*EXERCISE REQUIREMENTS*:
What you return should be the full listing, copied exactly and stripped of its pictures.

*SOURCE MATERIAL*:
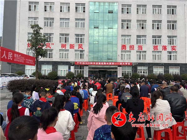 為了增強宣傳教育效果,該校還組織師生參與了“平利縣2023年平安建設(shè)集中宣講——進(jìn)大貴鎮(zhèn)”活動,要求人人當(dāng)好“平安大貴代言人”、正確接聽12340電話,F(xiàn)場分發(fā)了宣傳資料,同時引導(dǎo)參會人員觀看了精美的平安建設(shè)宣傳展板,將平安建設(shè)的知識點以圖文并茂的形式呈現(xiàn)給師生和群眾,幫助他們更好地理解和記憶。
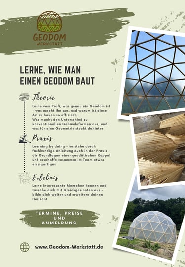 Die geodätische Kuppel ist eine der stabilsten und effizientesten Bauformen der Natur. Durch ihre kugelähnliche Struktur verteilt sich statische Last optimal auf das gesamte Gerüst, wodurch sie extrem widerstandsfähig gegen Wind, Schnee und Erdbeben ist – bei gleichzeitig minimalem Materialeinsatz. Das Verhältnis von Oberfläche zu Volumen ist optimal: Mehr Innenraum bei weniger Außenfläche bedeutet bessere Energieeffizienz, geringere Heizkosten und ein ausgewogenes Raumklima. Ihre Form wirkt zudem unterstützend auf das akustische und energetische Verhalten im Inneren – ideal für kreative, soziale oder meditative Räume.
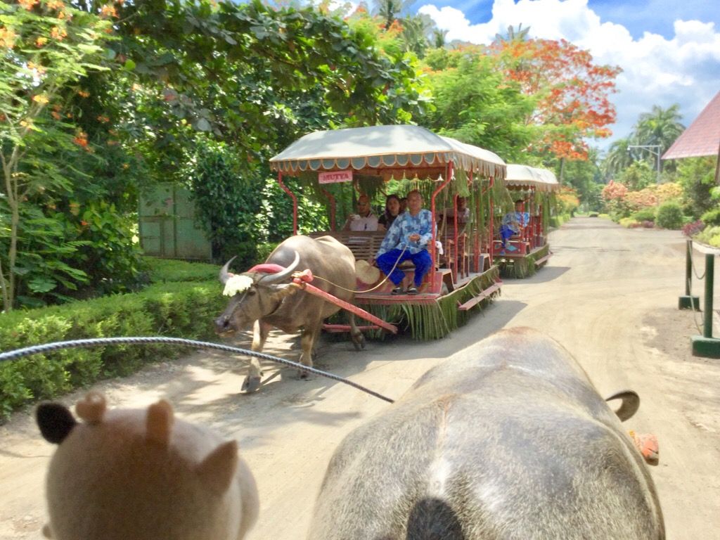 水牛が引っ張る牛車でのどかに移動する、プールサイドでリラックスできる、など郊外でゆっくりとした時間をすごせました。

*RESPONSE TO THE TASK*:
 為了增強宣傳教育效果,該校還組織師生參與了“平利縣2023年平安建設(shè)集中宣講——進(jìn)大貴鎮(zhèn)”活動,要求人人當(dāng)好“平安大貴代言人”、正確接聽12340電話,F(xiàn)場分發(fā)了宣傳資料,同時引導(dǎo)參會人員觀看了精美的平安建設(shè)宣傳展板,將平安建設(shè)的知識點以圖文并茂的形式呈現(xiàn)給師生和群眾,幫助他們更好地理解和記憶。
 Die geodätische Kuppel ist eine der stabilsten und effizientesten Bauformen der Natur. Durch ihre kugelähnliche Struktur verteilt sich statische Last optimal auf das gesamte Gerüst, wodurch sie extrem widerstandsfähig gegen Wind, Schnee und Erdbeben ist – bei gleichzeitig minimalem Materialeinsatz. Das Verhältnis von Oberfläche zu Volumen ist optimal: Mehr Innenraum bei weniger Außenfläche bedeutet bessere Energieeffizienz, geringere Heizkosten und ein ausgewogenes Raumklima. Ihre Form wirkt zudem unterstützend auf das akustische und energetische Verhalten im Inneren – ideal für kreative, soziale oder meditative Räume.
 水牛が引っ張る牛車でのどかに移動する、プールサイドでリラックスできる、など郊外でゆっくりとした時間をすごせました。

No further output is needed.